What to work on:
From the first line of the listing below to the line with "Якщо б президентські", print each line exactly, and nothing more. Leave out the pictures.

The data:
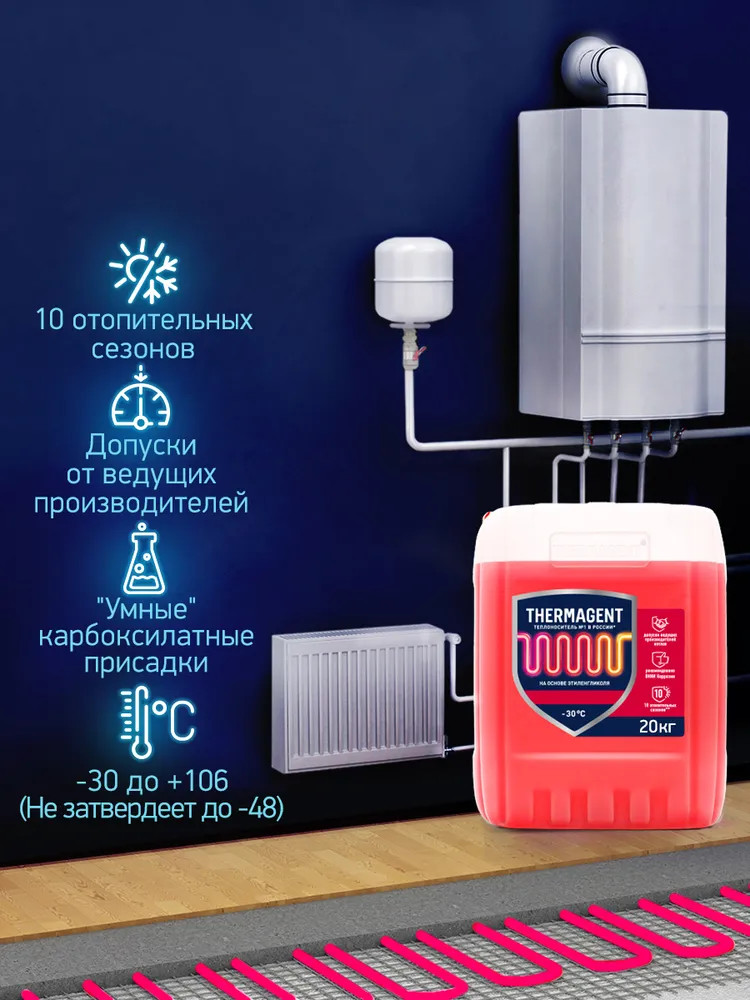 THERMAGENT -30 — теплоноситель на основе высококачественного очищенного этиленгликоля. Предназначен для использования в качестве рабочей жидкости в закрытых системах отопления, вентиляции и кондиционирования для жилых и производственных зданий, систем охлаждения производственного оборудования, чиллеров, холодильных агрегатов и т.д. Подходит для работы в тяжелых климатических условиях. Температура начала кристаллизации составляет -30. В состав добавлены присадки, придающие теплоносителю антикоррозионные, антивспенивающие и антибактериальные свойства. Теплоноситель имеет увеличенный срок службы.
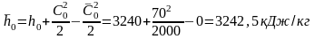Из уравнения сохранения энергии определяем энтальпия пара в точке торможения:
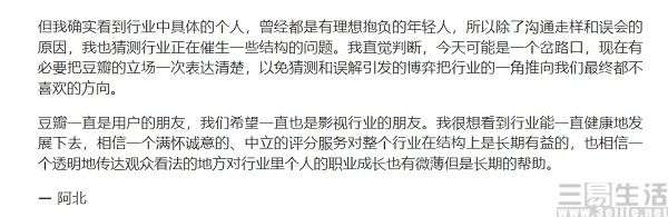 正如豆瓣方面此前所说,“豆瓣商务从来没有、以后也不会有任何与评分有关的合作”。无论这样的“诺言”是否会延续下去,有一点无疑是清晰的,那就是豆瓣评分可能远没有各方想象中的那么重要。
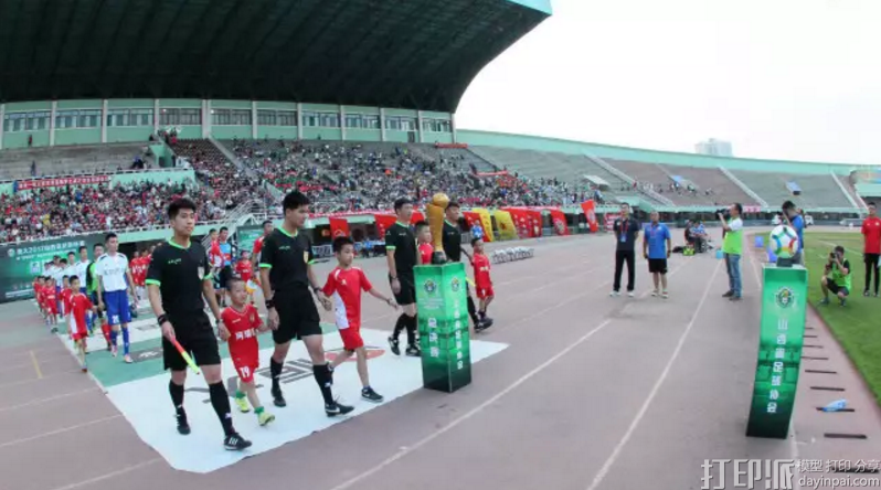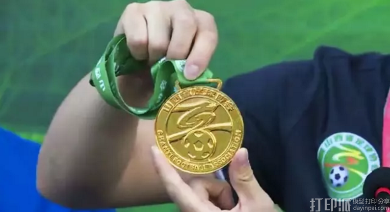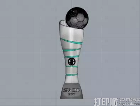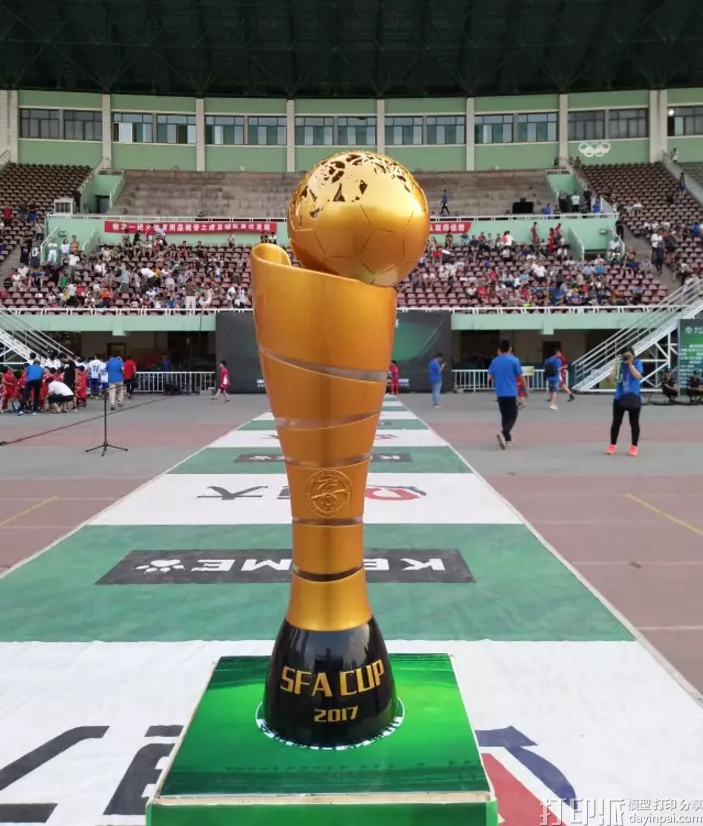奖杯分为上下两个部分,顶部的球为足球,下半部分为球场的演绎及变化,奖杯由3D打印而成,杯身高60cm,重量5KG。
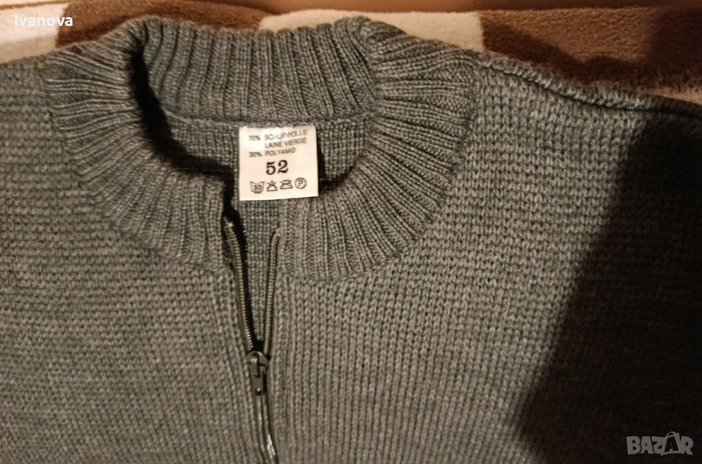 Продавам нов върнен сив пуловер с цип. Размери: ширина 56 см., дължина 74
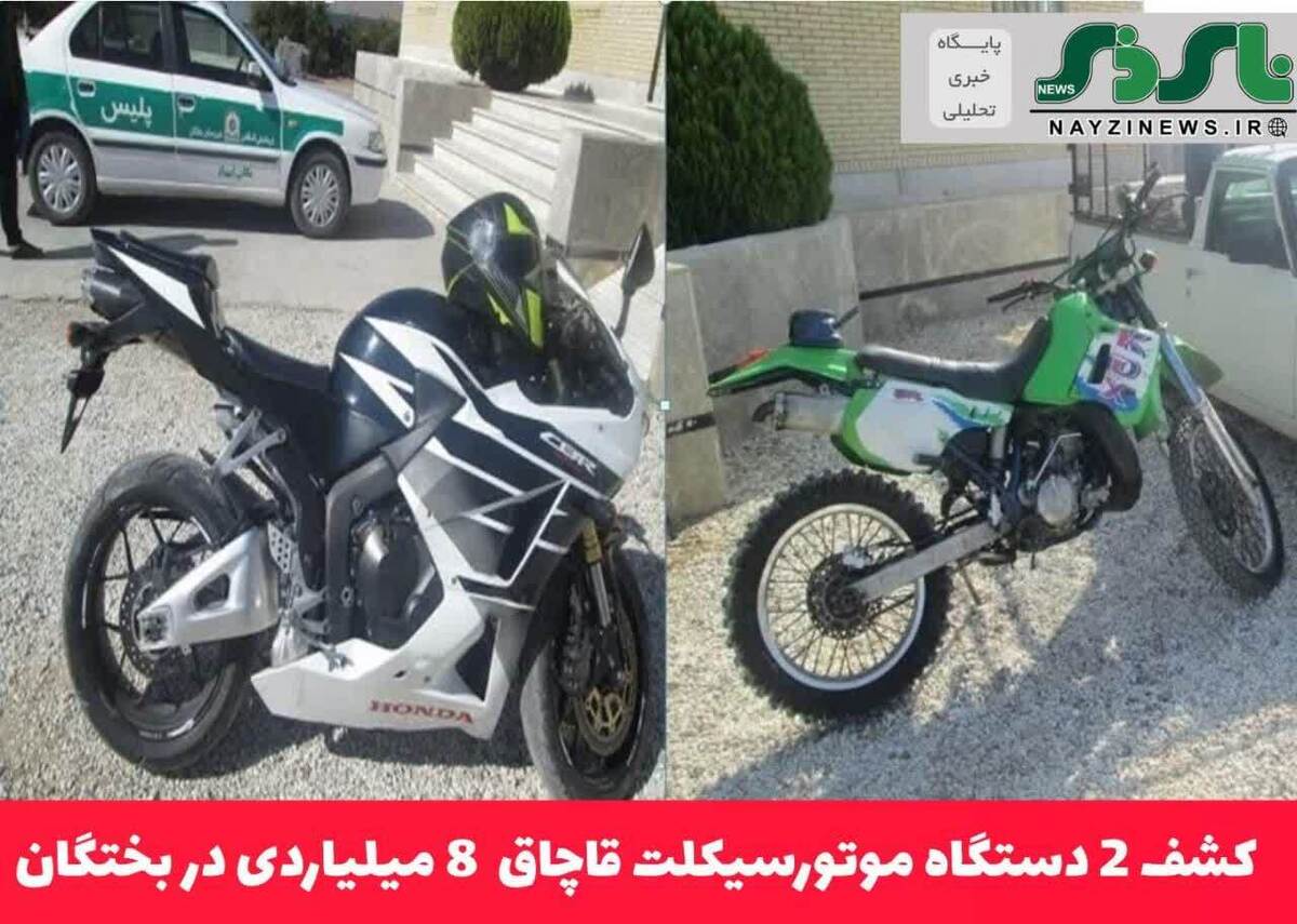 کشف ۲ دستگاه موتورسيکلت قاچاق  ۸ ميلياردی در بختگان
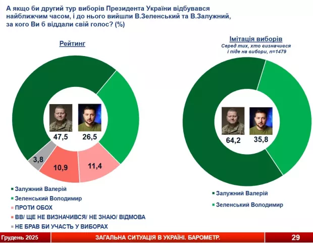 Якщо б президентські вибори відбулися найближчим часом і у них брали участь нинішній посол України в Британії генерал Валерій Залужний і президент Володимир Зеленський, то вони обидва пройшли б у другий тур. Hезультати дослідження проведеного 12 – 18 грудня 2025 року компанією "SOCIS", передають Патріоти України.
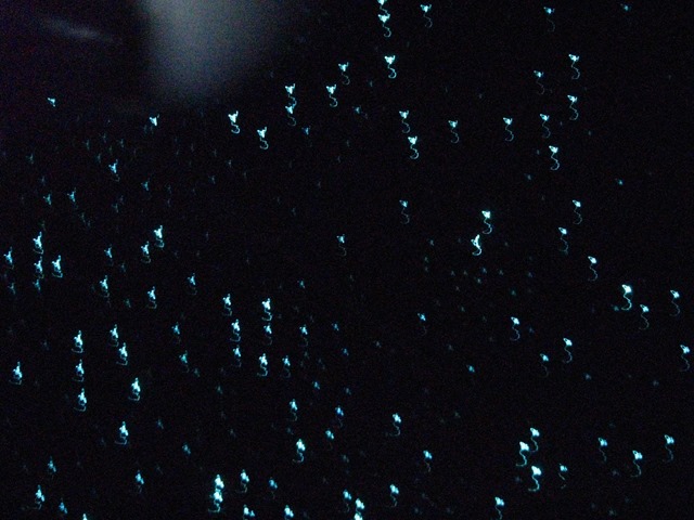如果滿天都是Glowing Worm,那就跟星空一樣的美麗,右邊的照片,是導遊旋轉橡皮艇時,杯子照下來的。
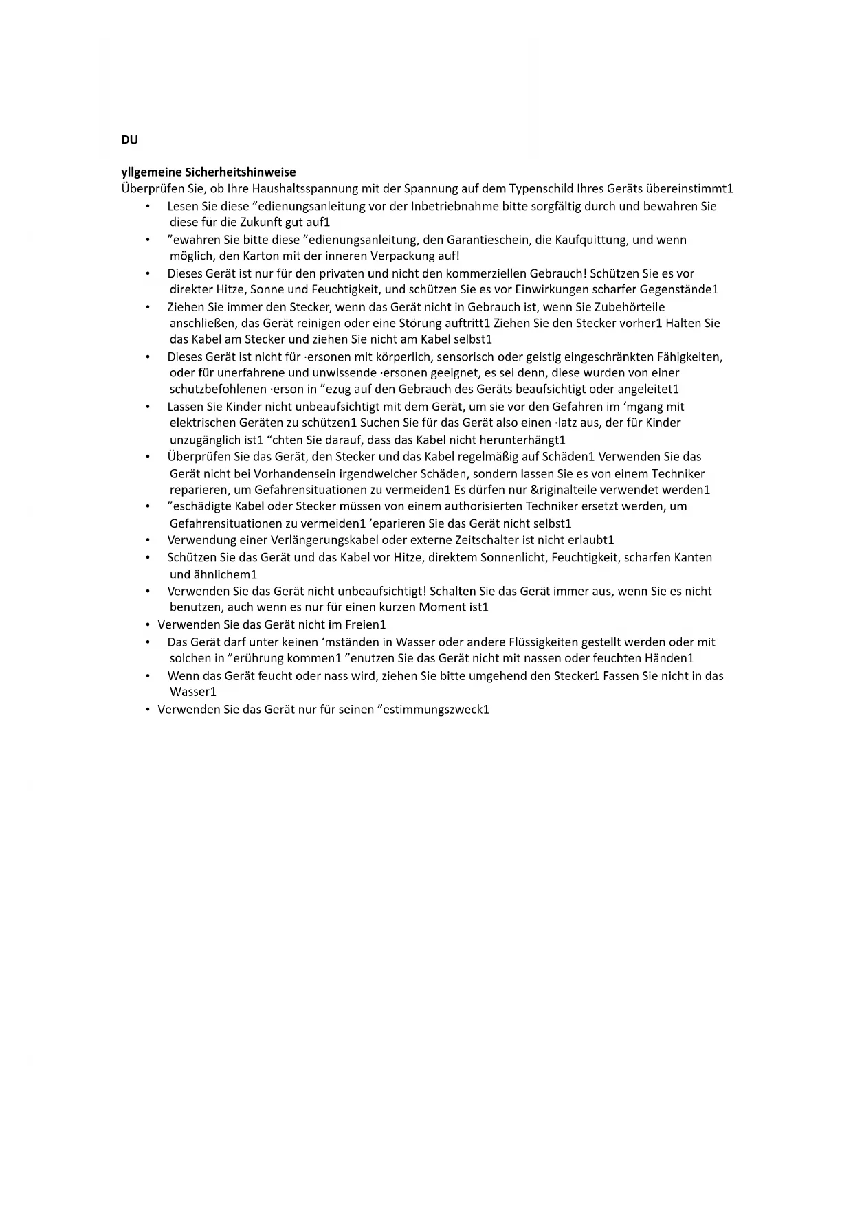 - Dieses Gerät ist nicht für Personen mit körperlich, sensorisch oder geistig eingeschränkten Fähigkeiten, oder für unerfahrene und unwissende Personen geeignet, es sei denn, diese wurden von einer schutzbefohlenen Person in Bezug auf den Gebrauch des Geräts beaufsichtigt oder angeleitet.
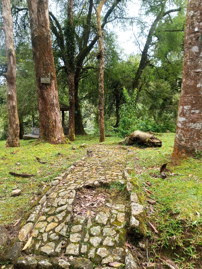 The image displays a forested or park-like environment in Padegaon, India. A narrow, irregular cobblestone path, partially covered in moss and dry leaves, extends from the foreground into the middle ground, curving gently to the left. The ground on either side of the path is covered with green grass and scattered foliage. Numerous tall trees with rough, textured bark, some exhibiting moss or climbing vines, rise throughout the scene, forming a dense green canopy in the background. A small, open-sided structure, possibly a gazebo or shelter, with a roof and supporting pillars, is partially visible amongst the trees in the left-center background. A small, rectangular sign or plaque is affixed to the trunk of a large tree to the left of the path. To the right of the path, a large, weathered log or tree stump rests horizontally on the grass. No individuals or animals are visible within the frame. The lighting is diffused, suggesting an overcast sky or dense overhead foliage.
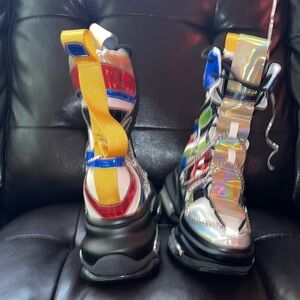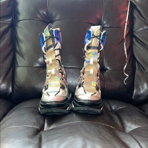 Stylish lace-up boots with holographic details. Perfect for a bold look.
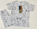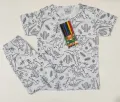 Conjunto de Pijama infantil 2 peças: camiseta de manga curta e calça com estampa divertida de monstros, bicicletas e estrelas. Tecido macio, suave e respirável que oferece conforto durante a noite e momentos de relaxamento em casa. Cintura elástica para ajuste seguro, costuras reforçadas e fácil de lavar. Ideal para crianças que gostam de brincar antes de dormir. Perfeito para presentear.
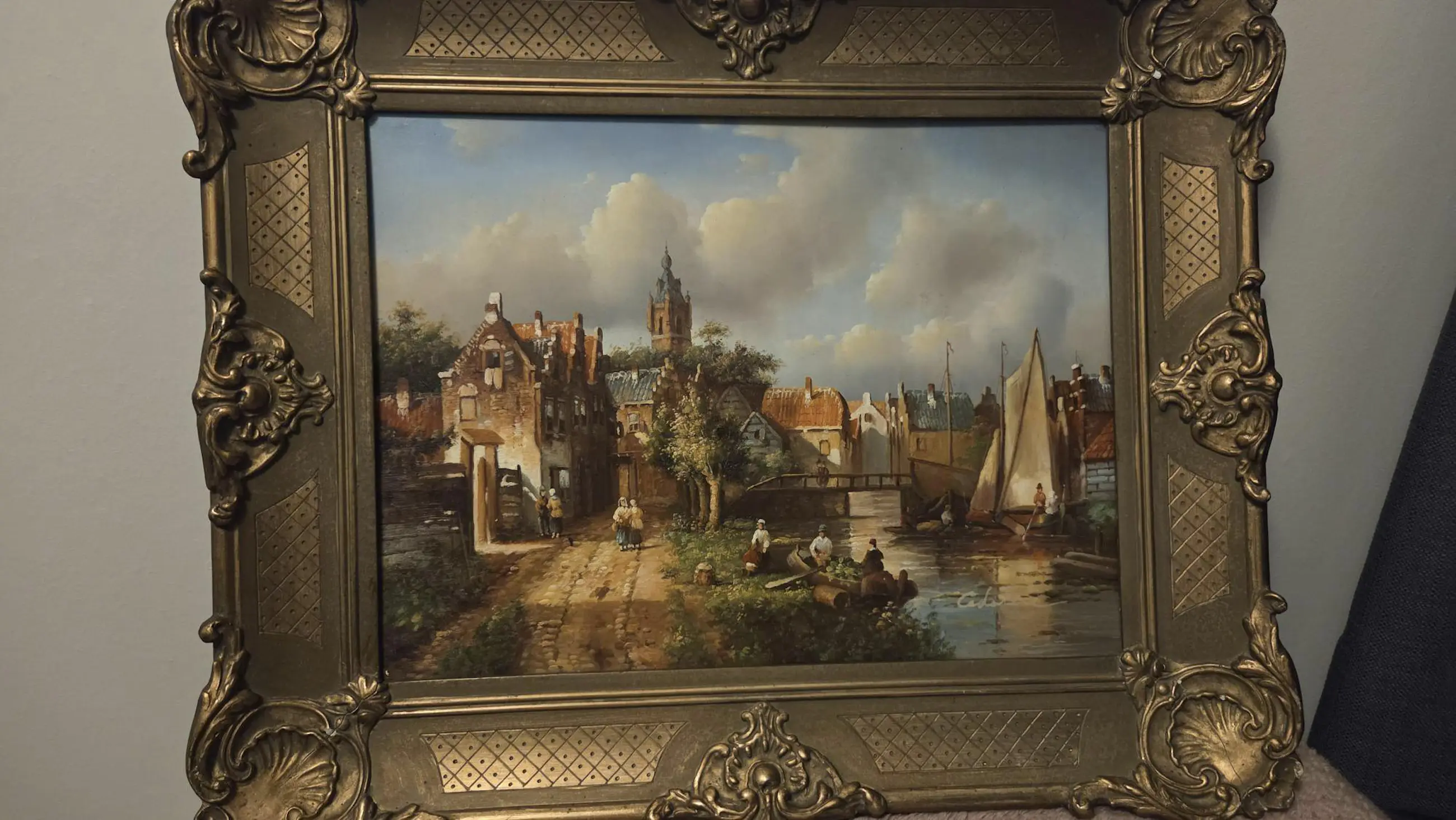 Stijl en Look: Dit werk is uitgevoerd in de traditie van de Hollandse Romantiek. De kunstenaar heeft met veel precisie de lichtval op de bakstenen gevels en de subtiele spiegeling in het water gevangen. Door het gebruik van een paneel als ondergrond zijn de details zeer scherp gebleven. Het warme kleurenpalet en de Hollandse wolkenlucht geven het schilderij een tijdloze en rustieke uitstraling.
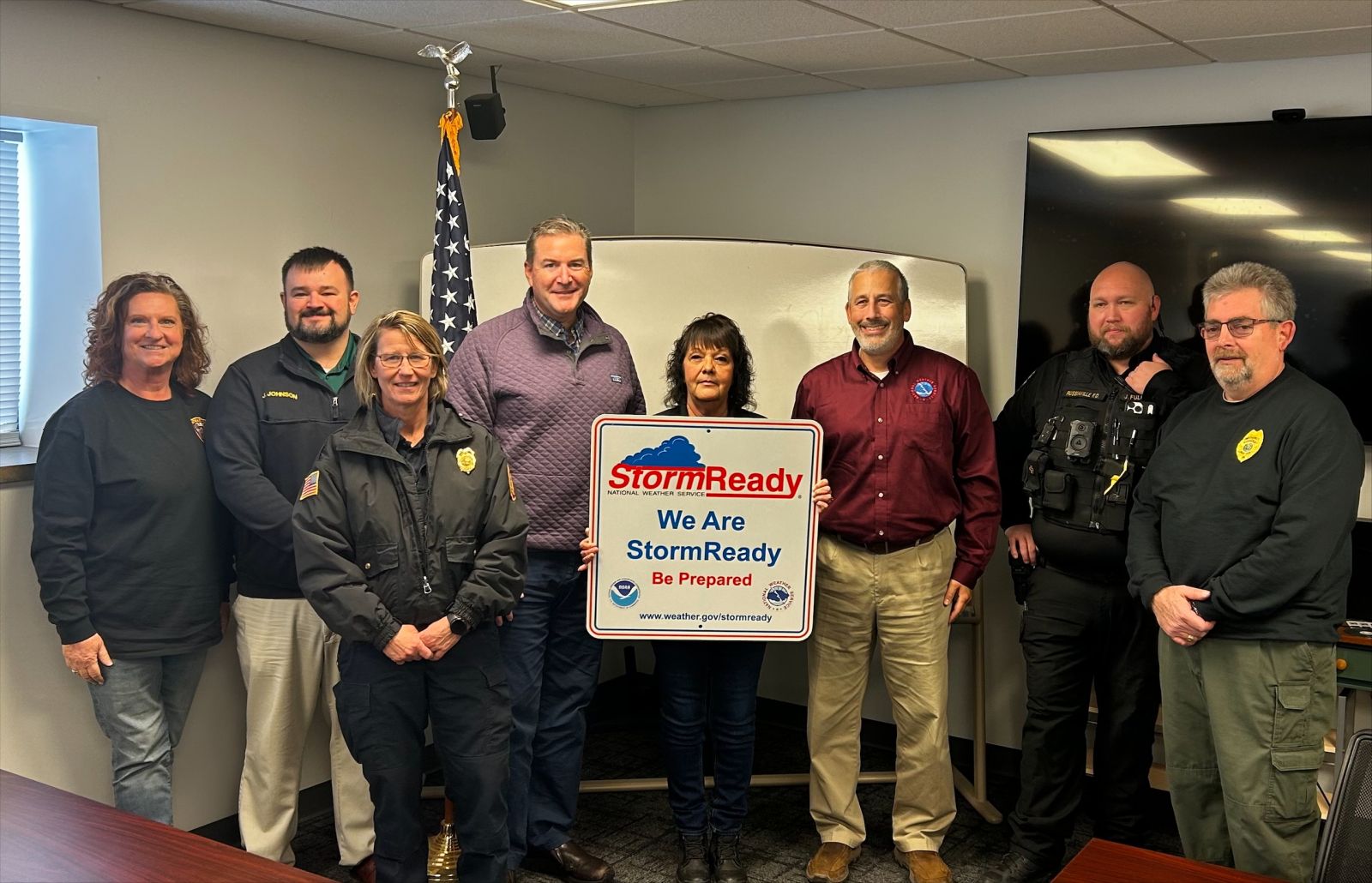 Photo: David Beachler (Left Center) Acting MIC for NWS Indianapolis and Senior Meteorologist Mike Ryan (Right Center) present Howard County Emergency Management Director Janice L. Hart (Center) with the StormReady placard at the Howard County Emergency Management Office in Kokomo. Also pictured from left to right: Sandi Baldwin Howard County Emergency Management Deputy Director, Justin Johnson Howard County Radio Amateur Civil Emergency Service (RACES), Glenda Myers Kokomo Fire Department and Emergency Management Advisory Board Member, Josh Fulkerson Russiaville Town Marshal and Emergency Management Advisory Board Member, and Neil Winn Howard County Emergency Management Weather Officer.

Reply to the task:
 THERMAGENT -30 — теплоноситель на основе высококачественного очищенного этиленгликоля. Предназначен для использования в качестве рабочей жидкости в закрытых системах отопления, вентиляции и кондиционирования для жилых и производственных зданий, систем охлаждения производственного оборудования, чиллеров, холодильных агрегатов и т.д. Подходит для работы в тяжелых климатических условиях. Температура начала кристаллизации составляет -30. В состав добавлены присадки, придающие теплоносителю антикоррозионные, антивспенивающие и антибактериальные свойства. Теплоноситель имеет увеличенный срок службы.
Из уравнения сохранения энергии определяем энтальпия пара в точке торможения:
 正如豆瓣方面此前所说,“豆瓣商务从来没有、以后也不会有任何与评分有关的合作”。无论这样的“诺言”是否会延续下去,有一点无疑是清晰的,那就是豆瓣评分可能远没有各方想象中的那么重要。
奖杯分为上下两个部分,顶部的球为足球,下半部分为球场的演绎及变化,奖杯由3D打印而成,杯身高60cm,重量5KG。
 Продавам нов върнен сив пуловер с цип. Размери: ширина 56 см., дължина 74
 کشف ۲ دستگاه موتورسيکلت قاچاق  ۸ ميلياردی در بختگان
 Якщо б президентські вибори відбулися найближчим часом і у них брали участь нинішній посол України в Британії генерал Валерій Залужний і президент Володимир Зеленський, то вони обидва пройшли б у другий тур. Hезультати дослідження проведеного 12 – 18 грудня 2025 року компанією "SOCIS", передають Патріоти України.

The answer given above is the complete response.